### WHAT YOU SHOULD DO:
Without any pictures, print the lines below from the one that has "旧村社の神社で少し離れた場所" through the one that has "地點:波士頓華埠天安門紀念碑前", exactly and nothing else.

══ THE DATA

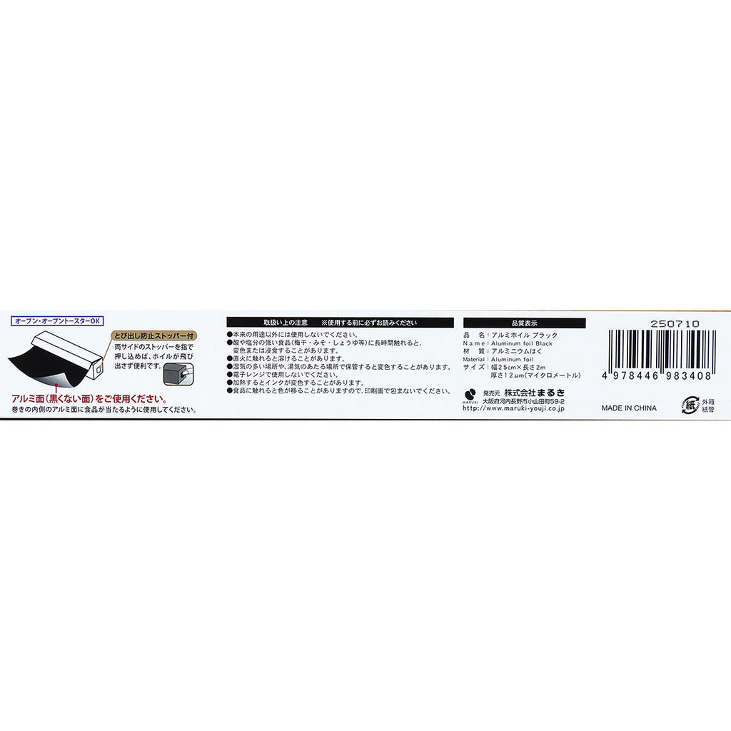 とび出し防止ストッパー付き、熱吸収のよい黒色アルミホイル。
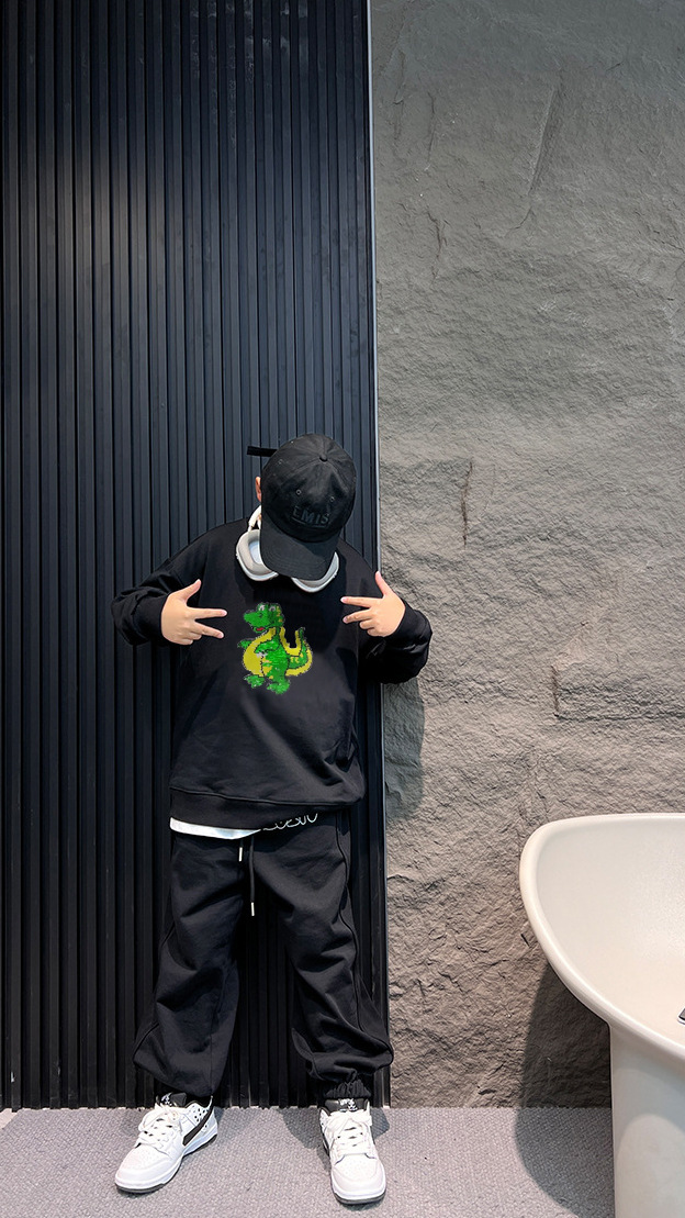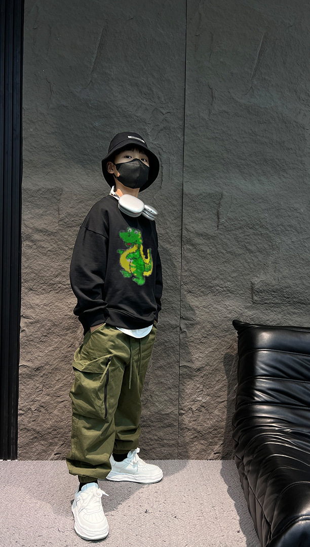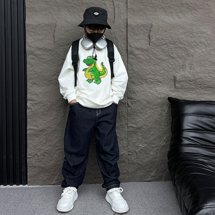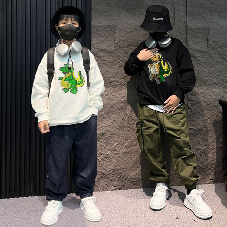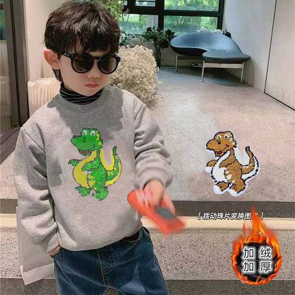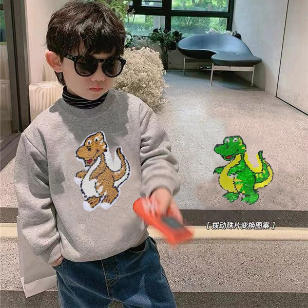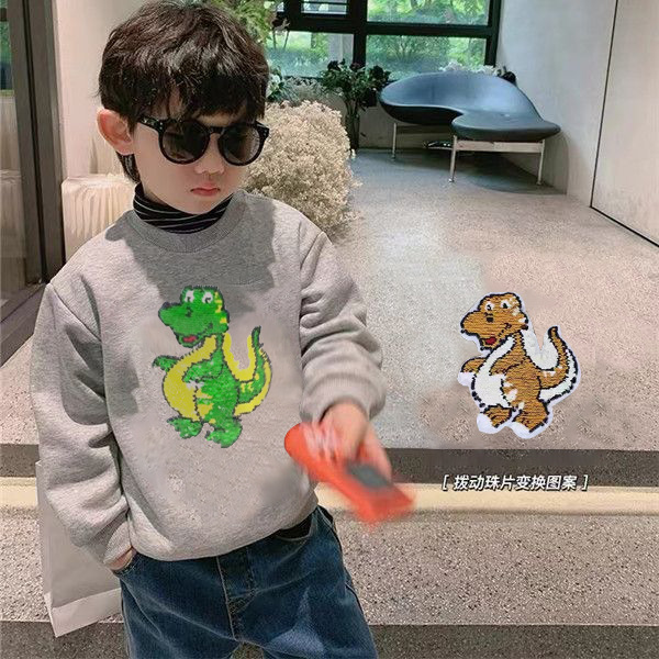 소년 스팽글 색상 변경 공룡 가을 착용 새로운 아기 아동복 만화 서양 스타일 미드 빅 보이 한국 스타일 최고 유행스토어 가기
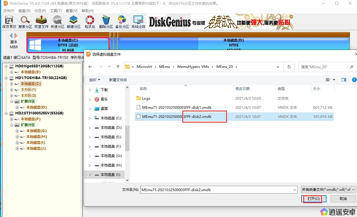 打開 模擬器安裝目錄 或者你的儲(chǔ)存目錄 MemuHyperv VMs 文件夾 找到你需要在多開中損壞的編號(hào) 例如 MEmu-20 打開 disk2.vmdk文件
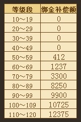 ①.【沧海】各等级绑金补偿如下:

════
══ THE DATA

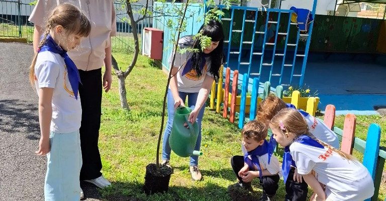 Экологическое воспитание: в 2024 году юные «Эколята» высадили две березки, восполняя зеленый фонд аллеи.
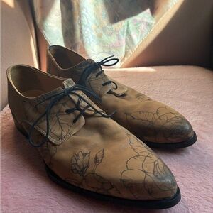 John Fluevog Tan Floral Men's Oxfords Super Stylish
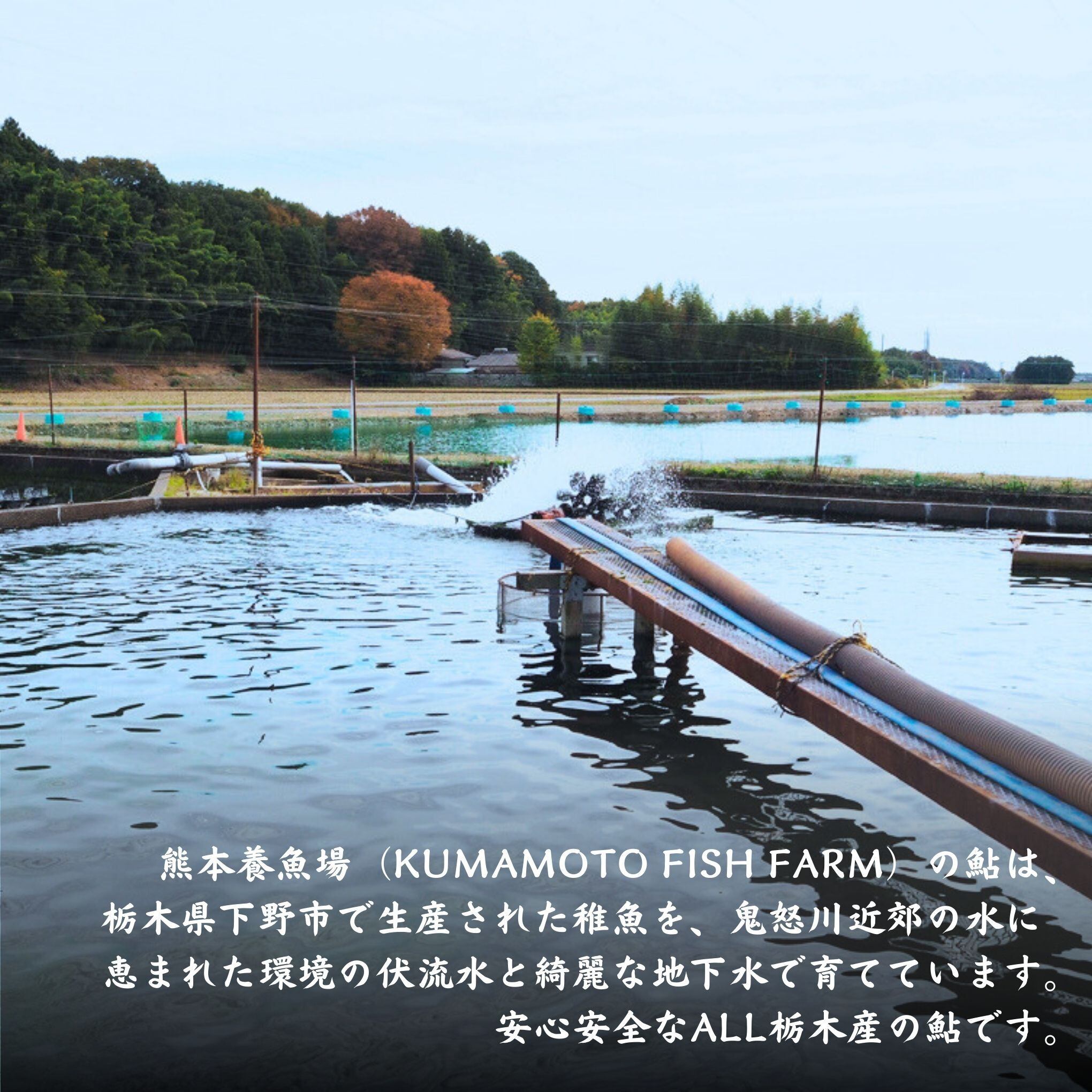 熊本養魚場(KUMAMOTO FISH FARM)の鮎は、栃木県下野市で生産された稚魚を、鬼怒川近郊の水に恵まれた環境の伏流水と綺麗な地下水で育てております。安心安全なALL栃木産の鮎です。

════
══ THE DATA

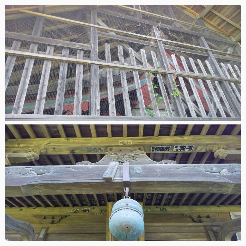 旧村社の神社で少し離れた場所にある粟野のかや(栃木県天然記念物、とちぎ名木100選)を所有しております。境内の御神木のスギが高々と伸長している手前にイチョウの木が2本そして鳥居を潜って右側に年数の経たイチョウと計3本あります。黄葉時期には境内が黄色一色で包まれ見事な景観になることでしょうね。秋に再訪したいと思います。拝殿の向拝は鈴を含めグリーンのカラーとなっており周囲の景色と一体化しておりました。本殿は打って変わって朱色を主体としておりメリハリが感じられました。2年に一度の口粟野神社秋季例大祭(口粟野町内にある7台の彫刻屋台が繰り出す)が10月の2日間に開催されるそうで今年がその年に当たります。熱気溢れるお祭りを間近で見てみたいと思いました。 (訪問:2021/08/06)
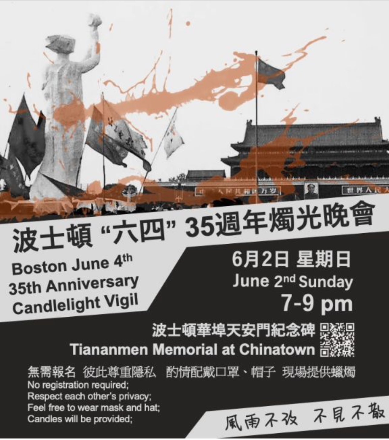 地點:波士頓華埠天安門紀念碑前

════

### RESPONSE TO THIS TASK:
 旧村社の神社で少し離れた場所にある粟野のかや(栃木県天然記念物、とちぎ名木100選)を所有しております。境内の御神木のスギが高々と伸長している手前にイチョウの木が2本そして鳥居を潜って右側に年数の経たイチョウと計3本あります。黄葉時期には境内が黄色一色で包まれ見事な景観になることでしょうね。秋に再訪したいと思います。拝殿の向拝は鈴を含めグリーンのカラーとなっており周囲の景色と一体化しておりました。本殿は打って変わって朱色を主体としておりメリハリが感じられました。2年に一度の口粟野神社秋季例大祭(口粟野町内にある7台の彫刻屋台が繰り出す)が10月の2日間に開催されるそうで今年がその年に当たります。熱気溢れるお祭りを間近で見てみたいと思いました。 (訪問:2021/08/06)
 地點:波士頓華埠天安門紀念碑前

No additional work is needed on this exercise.